All samples were tested blind to the reference standard, the risk level for fetal aneuploidy, the pregnancy outcomes as well as to clinical characteristics of the pregnant women. In order to detect and quantify potential cross-contamination between patient samples during the NIPS testing processes, each patient sample was spiked with different synthetic barcodes DNA into the plasma just before the cfDNA extraction and were detected and quantified during the NGS step. DNA was extracted from 5 ml of plasma using the QIAamp Circulating Nucleic Acid Kit (Qiagen, Hilden, Germany) or from 2 ml of plasma using the QIAsymphony Viral/Pathogen DSP kit (Qiagen). All samples were tested by two MPSS methods (optical-based [or HiSeq™] and semiconductor [or Proton™] sequencing). All samples were tested only once by each index test and were not re-tested nor re-sequenced if they either failed QC thresholds or if the fetal fraction estimate was below 4%.
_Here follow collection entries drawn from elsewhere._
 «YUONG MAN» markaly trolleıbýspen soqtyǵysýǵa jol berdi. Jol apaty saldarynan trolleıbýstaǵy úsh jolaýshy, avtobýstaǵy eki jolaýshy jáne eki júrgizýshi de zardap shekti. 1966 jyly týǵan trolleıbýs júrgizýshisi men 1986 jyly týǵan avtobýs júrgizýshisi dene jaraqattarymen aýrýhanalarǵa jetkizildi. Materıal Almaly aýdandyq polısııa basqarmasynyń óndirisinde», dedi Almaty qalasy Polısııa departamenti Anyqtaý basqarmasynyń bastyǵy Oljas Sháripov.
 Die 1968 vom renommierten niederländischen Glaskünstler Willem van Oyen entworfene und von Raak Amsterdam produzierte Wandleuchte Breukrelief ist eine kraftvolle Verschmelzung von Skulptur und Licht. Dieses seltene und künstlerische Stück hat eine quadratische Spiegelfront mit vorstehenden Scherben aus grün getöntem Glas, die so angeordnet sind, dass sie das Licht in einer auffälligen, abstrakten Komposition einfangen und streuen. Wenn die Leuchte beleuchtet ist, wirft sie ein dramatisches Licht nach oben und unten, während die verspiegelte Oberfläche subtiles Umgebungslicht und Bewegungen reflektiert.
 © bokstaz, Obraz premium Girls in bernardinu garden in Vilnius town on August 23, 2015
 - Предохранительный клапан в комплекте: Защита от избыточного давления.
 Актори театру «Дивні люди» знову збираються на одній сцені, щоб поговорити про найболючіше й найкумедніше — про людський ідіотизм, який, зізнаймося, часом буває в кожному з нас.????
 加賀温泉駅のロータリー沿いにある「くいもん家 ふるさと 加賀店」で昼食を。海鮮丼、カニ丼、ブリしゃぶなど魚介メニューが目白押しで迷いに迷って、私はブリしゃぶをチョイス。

For the optical-based sequencing platform, shotgun libraries for the Illumina platform were either constructed by using a modified version of an automated plate-based Illumina genome protocol [12] or using TruSeq nano Kit (Illumina) according to the manufacturer’s recommendations with minor modifications. An initial bead-based size selection using ALine PCRClean™ Dx magnetic beads (Aline Biosciences, USA) or Agencourt AMpure beads (Beckman Coulter, Brea,CA) at 0.8:1 ratio to enrich 100–250 bp fragments was used. Samples were indexed during library preparation and sequenced in 20-plex using a Hiseq2500 (Illumina), 50 bp single-end reads.

For the semiconductor sequencing platform, shotgun libraries were prepared using a modified version of the Ion Plus fragment Library Kit (ThermoFisher Scientific) with end-repair using 2–10 ng of DNA. Size-selection was performed using a ratio of 0.8:1 beads to DNA solution with Agencourt AMpure beads (Beckman Coulter, Brea, CA). Ligation with Ion Xpress barcoded adapters in 50 µl was at 4 °C overnight followed by purification using Agencourt AMpure beads (Beckman Coulter, Brea, CA) and four or eight PCR cycles. NGS was performed using a Proton sequencing instrument after using an Ion Chef for template preparation as well as chip loading.
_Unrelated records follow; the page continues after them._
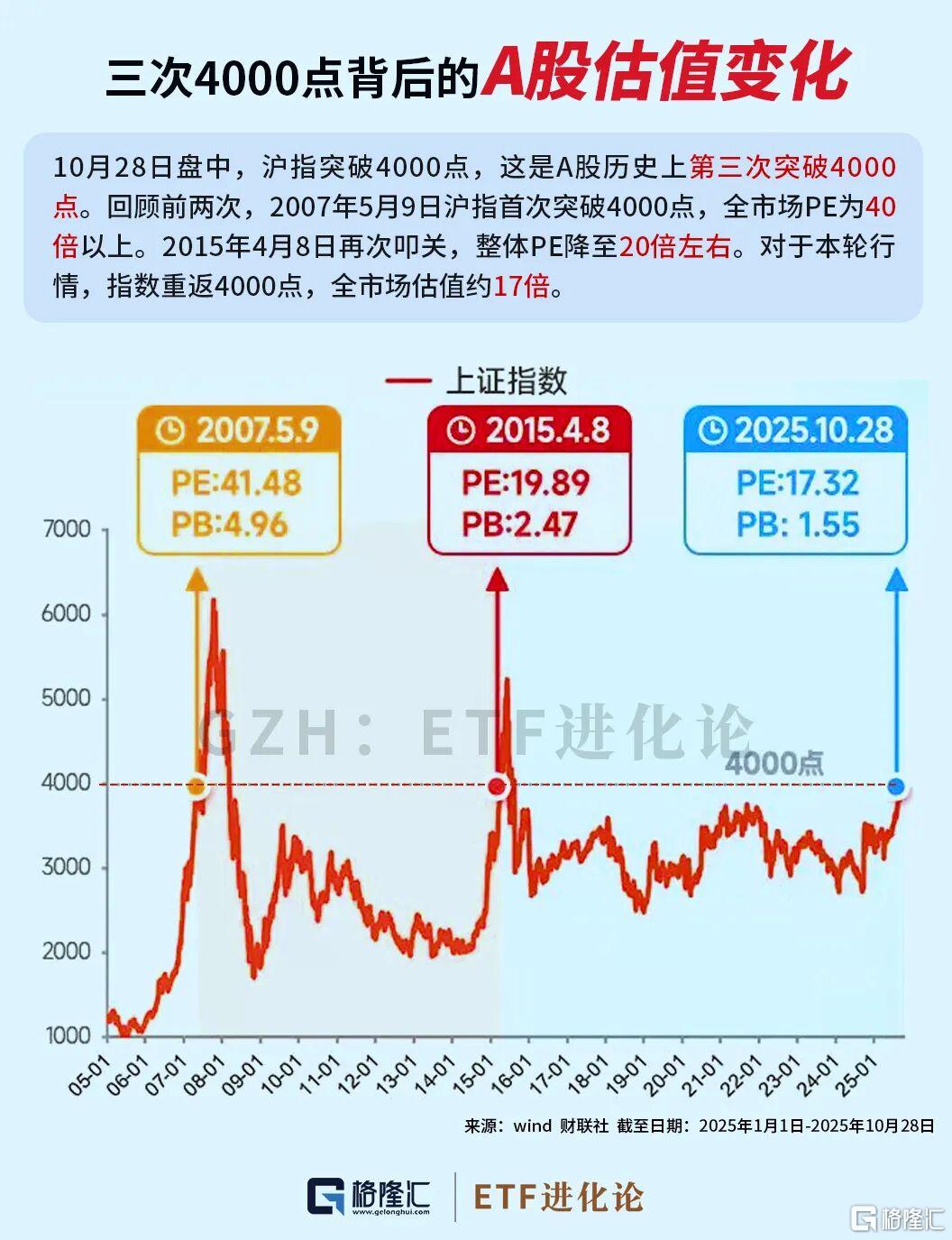 从最新估值来看,历史上沪指三次站上4000点,估值逐步降低。2007年5月9日沪指首次突破4000点,全市场PE超过40倍;2015年4月8日再次站上,整体PE降至20倍左右;2025年10月28日,沪指盘中重返4000点,全市场估值约为17倍。
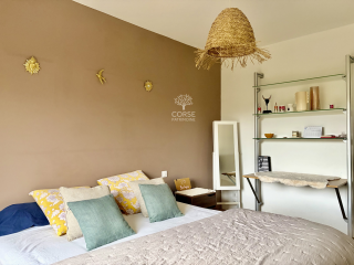 CORSE PATRIMOINE IMMOBILIER a sélectionné au sein d'une résidence calme et prisée, ce superbe appartement avec vue mer, bénéficiant d'une exposition Ouest idéale, offrant une luminosité remarquable et de magnifiques couchers de soleil.
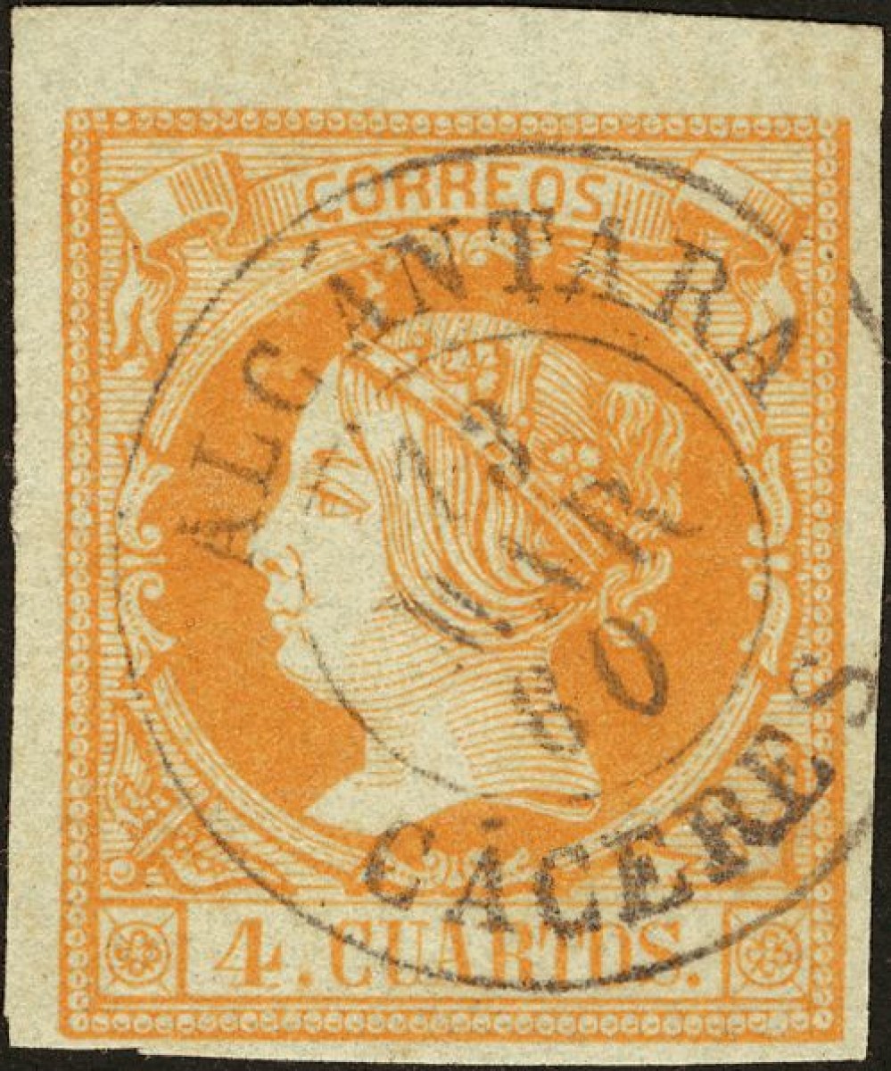 52. 1860. 4 cuartos yellow. Postmark ALCANTARA / CACERES. MAGNIFICENT.
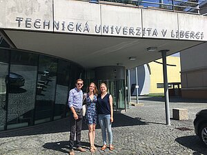 Zinātniekus viesmīlīgi uzņēma kompānijas "Nanopharma" filiālē, kura atrodas Liberecas Tehniskās Universitātes telpās. Pētniecības un attīstības daļas vadītāja vietniece Marketa Kličova (attēlā vidū) vizītes laikā Dainai un Kārlim sniedza plašu ieskatu par uzņēmuma un universitātes veiksmīgo sadarbību.
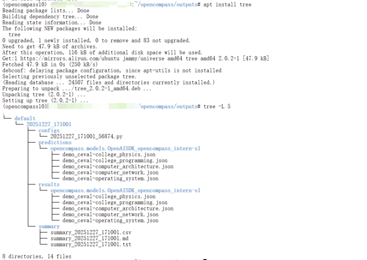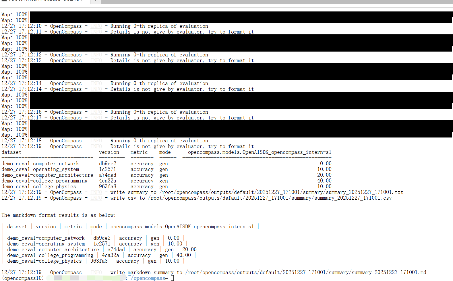 推理与评估:在这个阶段,OpenCompass 将会开始对模型和数据集进行并行推理和评估。推理阶段主要是让模型从数据集产生输出,而评估阶段则是衡量这些输出与标准答案的匹配程度。这两个过程会被拆分为多个同时运行的“任务”以提高效率,但请注意,如果计算资源有限,这种策略可能会使评测变得更慢。如果需要了解该问题及解决方案,可以参考 FAQ: 效率。
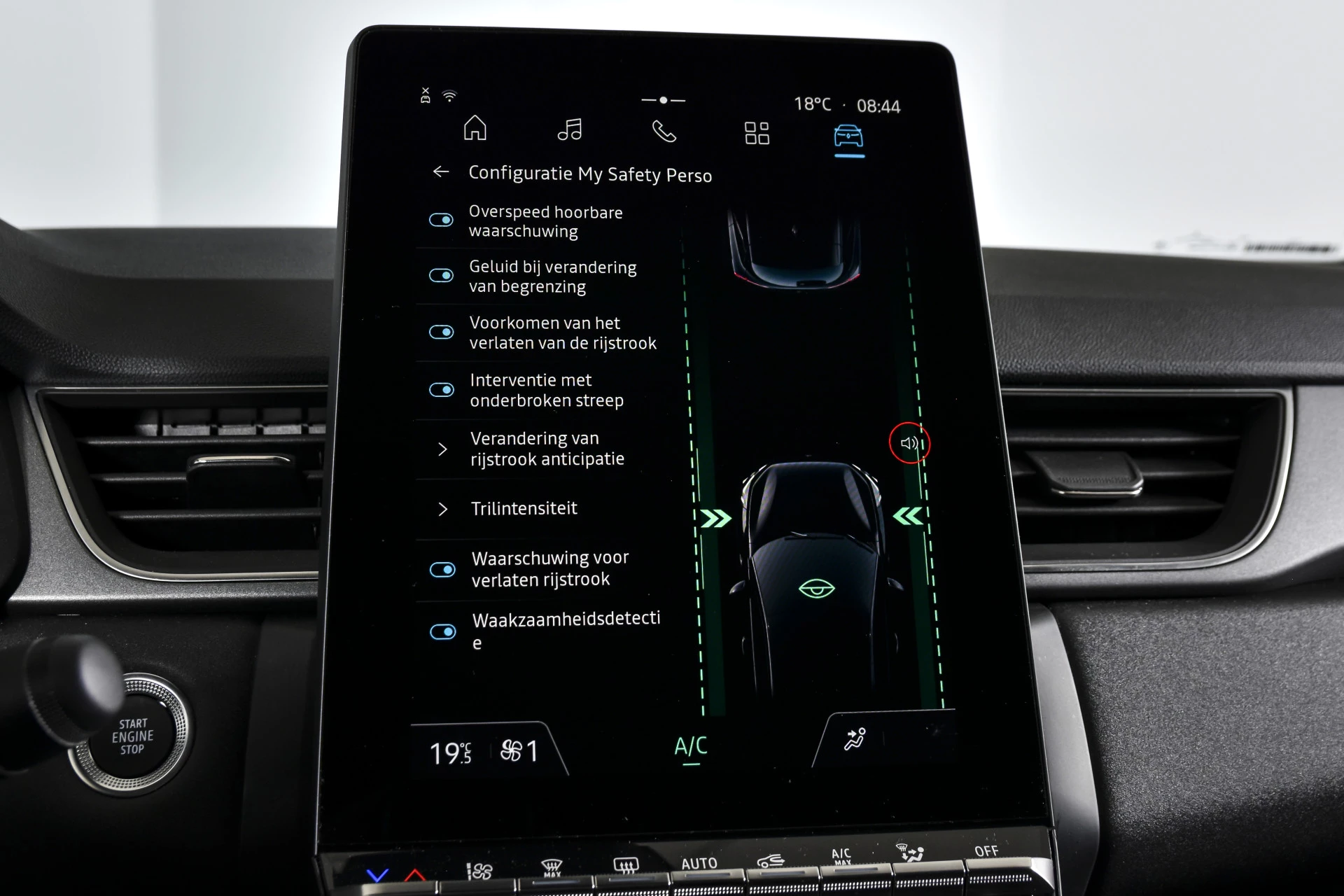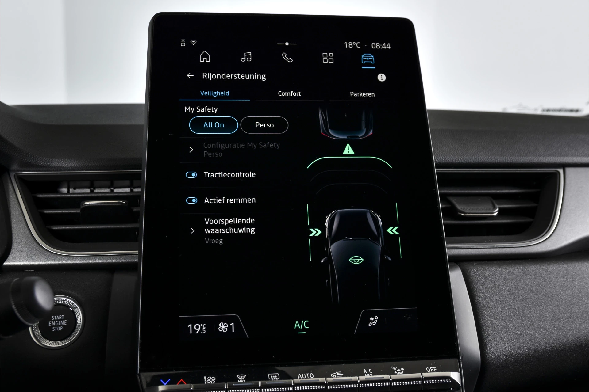 Aan boord van deze Renault houden verschillende geavanceerde systemen voor u de weg in de gaten. Ze waarschuwen u voor noodsituaties en kunnen in een aantal gevallen ook zelf ingrijpen. Met het Lane-keeping systeem gaat u nooit onbedoeld over de streep. Het forward collision warning-systeem is constant alert en detecteert via sensor de afstand tot voorliggers. Wordt die te klein, dan volgt een automatische waarschuwing. De veiligheid van deze auto wordt verder verhoogd door hill hold functie, brake assist en bandenspanningcontrolesysteem.

A 20-item Quality Management Plan (Supplementary Table S1) with predetermined quality thresholds was used for assessing the ongoing performance of NIPS assays in public laboratories during the testing phase.

Fetal fractions were estimated for each sample by SeqFF [13]. Fetal fraction estimates obtained from SeqFF were regressed on Y chromosomes-derived estimates from male pregnancies, used as reference, in order to check for the presence of bias. Chromosomal ratios were calculated for each sample as the number of reads of the chromosome of interest over the total number of reads from all autosomes after data processing by RAPIDR (v 0.1.1) [14].
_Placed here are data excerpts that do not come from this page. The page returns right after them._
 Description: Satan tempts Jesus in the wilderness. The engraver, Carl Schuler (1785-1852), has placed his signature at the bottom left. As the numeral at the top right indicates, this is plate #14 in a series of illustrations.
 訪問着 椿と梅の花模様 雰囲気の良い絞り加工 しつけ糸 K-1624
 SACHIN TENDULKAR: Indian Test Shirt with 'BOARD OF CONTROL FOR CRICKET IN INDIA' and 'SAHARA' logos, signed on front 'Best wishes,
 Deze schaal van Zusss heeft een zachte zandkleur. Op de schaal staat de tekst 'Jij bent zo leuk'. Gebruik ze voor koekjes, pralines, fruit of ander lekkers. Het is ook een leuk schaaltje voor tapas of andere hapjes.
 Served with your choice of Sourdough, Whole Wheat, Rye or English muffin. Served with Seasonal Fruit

The mean, standard deviation, and percent coefficient of variation (CV%) of each method for each chromosome of interest (chr 13, 18, 21, and X) were calculated from the results of a laboratory-and-method-specific reference set having between 17 and 130 euploid samples and tested in the same way as the other samples. The reference set was thus built from the results of known euploid samples. RapidR uses a binning process to clean the reference set by eliminating the outlier bins. The preserved bins, grouped by chromosome, are used for comparison between a sample and the reference set. Both NGS platforms results were analyzed with RapidR. The chromosome wide z-score from each study sample was then obtained. The cutoff for a positive NIPS result for any of the aneuploidies sought was a chromosome wide z-score of 3, based on published protocols as well as on preliminary verification of the sensitivity and specificity of the NIPS assays prior to finalization of assay protocols and testing of all patient samples. When the estimated fetal fraction (FF%) was below 4%, no result was reported (“NoCall”). NIPS assays were reported as “Failed” because of sample loss or unacceptable QC results (see Table S1) during the NIPS testing process.

To validate that these interpretation thresholds provide the best test accuracy we also calculated diagnostic sensitivity, specificity, and accuracy for other interpretation rules relative to reporting results with FF% from 0% to 4%, but also varying the z-score decision value between 2.5 and 5.

Reference standard

All fetuses received the reference standard. The reference standard was blind to index test result and undertaken using the existing clinical practice standards in the participating centers.

Thus, for all fetuses, the reference standard was either invasive testing with a fetal karyotype (or equivalent) for pregnancies having a positive screening result, or, for the remaining pregnancies, examination by a healthcare professional (pediatrician or family physician) at birth and a follow-up call at 6+ weeks of age. QF-PCR or microarray obtained after invasive testing were considered equivalent to the fetal karyotype with respect to their capacity to confirm or not the presence of a complete trisomy 13, 18, 21, or Turner syndrome in the fetus.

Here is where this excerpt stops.